The thing that really got my attention first, however, was an e-mail I received from our tour manager before we left: NO MARIJUANA, NO COCAINE, NO PRESCRIPTION CODEINE, NO PRESCRIPTION VALIUM OR XANAX: ONE YEAR IN JAIL THEN DEPORTATION. Wow, OK. I’ve been clean and sober for a long time but my mind still thinks of an out, like “How ‘bout deporting me first?!” Of course, the next line in the e-mail reminded me of a much larger problem: NO ISRAELI PASSPORTS OR ISRAELI STAMPS IN YOUR PASSPORT: INSTANT DEPORTATION. Really? Is that shit for real?? C’mon people now, smile on your brother—oh yeah, fuck that, it’s a new millennium (read Thomas Friedman’s Longitudes and Attitudes to really bum yourself out on this particular subject).

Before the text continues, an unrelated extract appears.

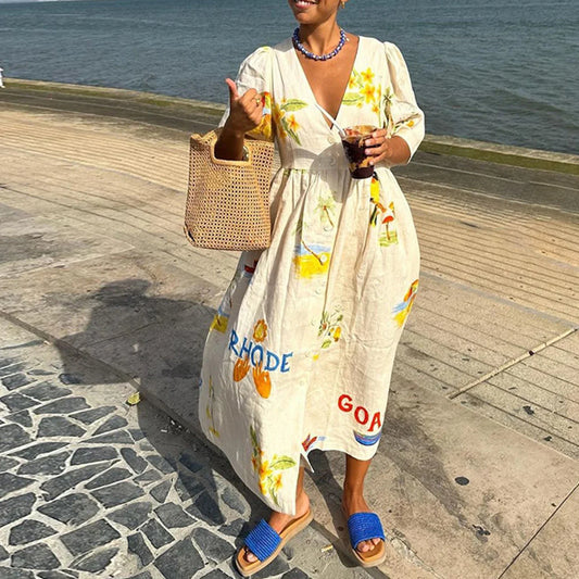 Fashion V Neck Elegant Casual Holiday Beach Dresses

I have always tried to let my faith in humankind guide me when it comes time for decisions and options in life. Sure, I’ve been screwed a few times because of it, but more often than not this guidance system has strengthened my belief that mostly everyone is born with a ton of good in them, and that it’s not until much later that things like greed and power dilute members of our species into an almost unrecognizable mask of darkness and rage. I am not going to say “no” to playing Dubai or anywhere else because of political or religious beliefs, etc. I believe I can actually do more good by seeing what’s indeed happening than by just sitting back here in the good old U.S.A., safe, protected, and spoon-fed hogwash on the nightly news. Fuck that! I’m going…

The first leg of the flight was from L.A. to Frankfurt, Germany. The second leg, however, really started to pique my interest: Just what is the route from central Europe to northwest Africa? Well, thanks to the massive GPS screen at the front end of our Lufthansa plane, a map was right in front of me at all times. This portion of the flight was mostly at night, so I had to trust the GPS screen that I was indeed over Iran (the desert part) for a few hours. Then, to my surprise, the arrow on the screen had us headed straight to Baghdad! “We must surely be taking a left or right at some point soon…” I asked the next available flight attendant. “Uh, no sir, our flight path is right over downtown Baghdad.” Shit! We’re gonna get Scud-ed, or something! But downtown Baghdad came and went with no incident (by the way, it looked just like that shit on CNN!). Next stop: United Arab Emirates.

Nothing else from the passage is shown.